Even if he hadn’t been in full boycott mode, the lot was two blocks from his office, and it was currently raining. Of course it was raining, Franklin thought, it was always fucking raining here, especially in January. And naturally, when it wasn’t fucking raining, it was fucking snowing.

Franklin hated the rain and he hated the snow, but what he hated most was when it was fucking raining or fucking snowing and he forgot his fucking umbrella.

His shitty day, of course, had nothing to do with the rain that was drizzling down. If he allowed the weather to significantly affect the quality of his day, he’d have suck-started a shotgun years ago. You don’t decide to live in the western part of Washington State if rain ruins your day, even though you may hate it.

No, his shitty day was a direct result of a conversation he’d been forced to have this morning with his bitch of an ex-wife who was trying to extort more money out of him. That phone call and the screaming match that ensued with the bitch, had made him late getting on the road to his office, which in turn had made him hit horrendous rush-hour traffic, amplified in magnitude by the relentless rain.

Actually, “Bitch” was too nice of a title for Erica. He had a different designation for her… a word he used with nobody else of course, even though he secretly liked the word and mentally used it to describe a lot of people, both men and women, who pissed him off. He would never use the word out loud though. Except maybe on the rare occasion when his law school buddies got together for drinks and he tipped back a few too many. But there was no harm in yelling it out when he was with those guys; they understood him.

So Erica had her own moniker, though he’d never actually worked up the courage to say it directly to her. It gave him great pleasure to sign off all text message conversations to her with, “C U Next Tuesday!!” even using the capital letters in “Next” and “Tuesday” in case she was too dense to understand the hidden context without them.

Erica never replied to those messages; she always let him get the final word in their text message battles, so Franklin couldn’t actually be sure she did understand what he was implying or if she always thought he was trying to meet up with her next Tuesday.

His eyes continued to search for a parking spot as he turned up Oakes Avenue and approached the courthouse. He could have parked in the small lot right in front of his office, but he wouldn’t allow himself that luxury. He was, unfortunately, a little cash tight at the moment, so his current mode of transportation was a thirteen year-old Honda Accord that had seen better days. There was no way he was going to attract the type of clientele he hoped for, and by that he meant the rich kind with a bunch of legal problems, if this piece of shit Accord was the only vehicle parked in the space in front of his office.

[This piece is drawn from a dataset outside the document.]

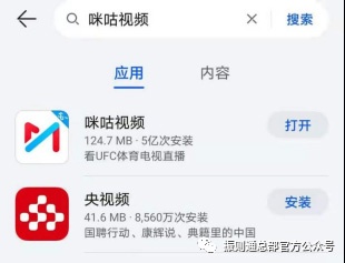 1、在手机自带的应用市场里搜索咪咕视频,并下载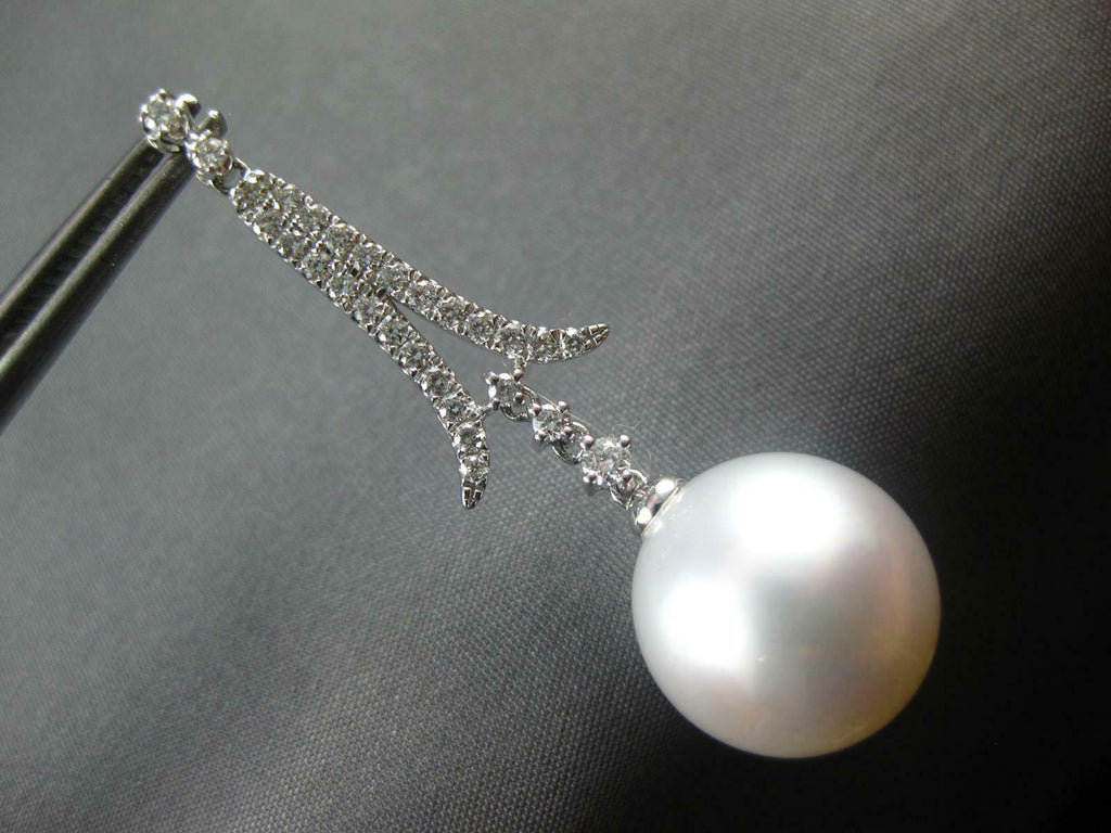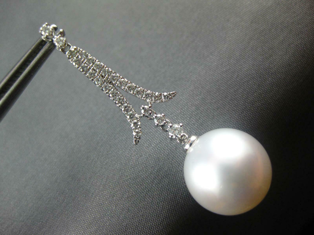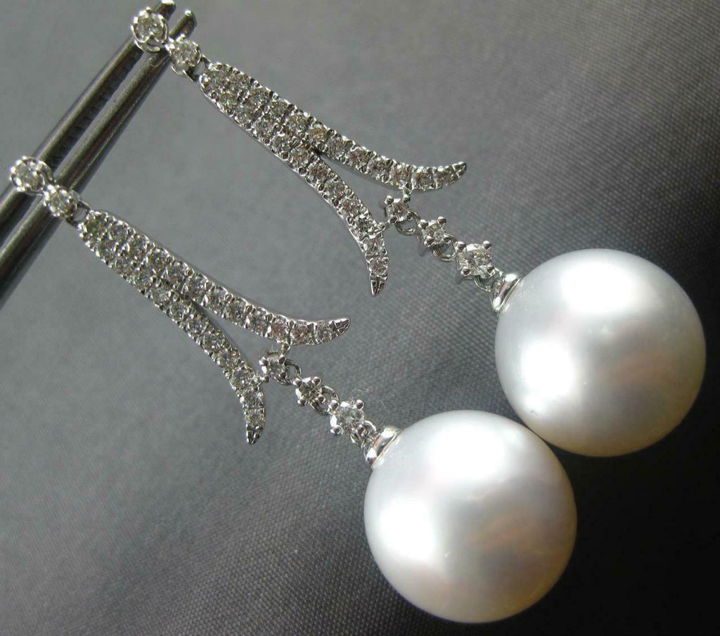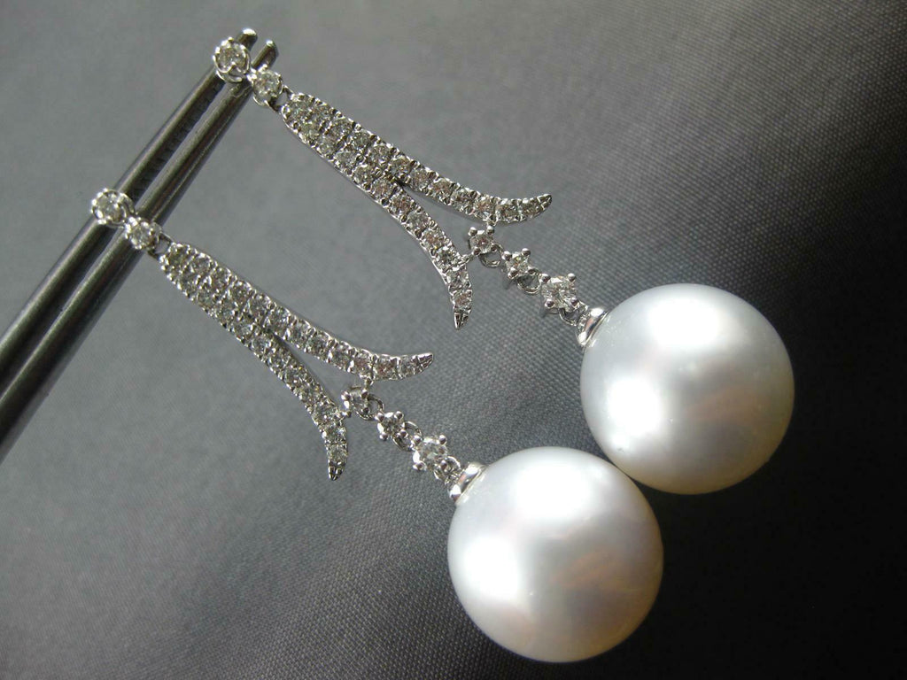 LARGE 18KT WHITE GOLD HANGING EARRINGS. 3D V SHAPE CHANDELIER DESIGN. DIAMONDS ARE F/G COLOR, VSSI CLARITY .60 CARATS. FEATURES 12.5MM WIDE AAA SOUTH SEA PEARLS. EARRINGS MEASURE 12.5MM X 42.5MM. WRITTEN APPRAISAL AVAILABLE. COMES IN A PRESENTABLE GIFT BOX.

As it stood now, Franklin’s standard response to potential clients who asked, “How come there’s no cars in the parking lot?” was to claim that his Tesla was currently charging at the Tesla service center down the street. The fact that there was no Tesla service center down the street didn’t seem to be a point of contention for any of them.

A few months ago, he’d worked out a deal with a doctor who had an office one block over, to let the doctor park his Mercedes in the lot for free. For a few weeks, Franklin had had a great time claiming ownership of that car to anybody who asked. Then one day the doctor saw him pretending to get in the car while one of Franklin’s potential clients took his own goddamn sweet time driving away after an end-of-the-day appointment. Franklin hadn’t wanted to be seen walking up to his piece of shit Accord that he’d parked in a fortuitous spot on the street one door down from his office. The doctor and his Mercedes hadn’t returned.

Franklin was usually in his office by 8:30am, and that meant he usually had a plethora of parking choices. But today he was late thanks to his C U Next Tuesday of an ex-wife, and now he couldn’t find a goddamn parking spot.

Just as he was about to spin a U-turn and drive back to Hewitt Avenue, he saw the sweet sight of white back-up lights come on in one of the spaces reserved for courthouse parking.

Franklin hit the gas and stopped just short of the car preparing to back out. The jackass was taking his fucking sweet time and Franklin impatiently thrummed his fingers on the steering wheel, muttering under his breath. When the car finally moved, Franklin flipped the driver the bird and then whipped into the spot, killing the engine just as his cell phone started to ring…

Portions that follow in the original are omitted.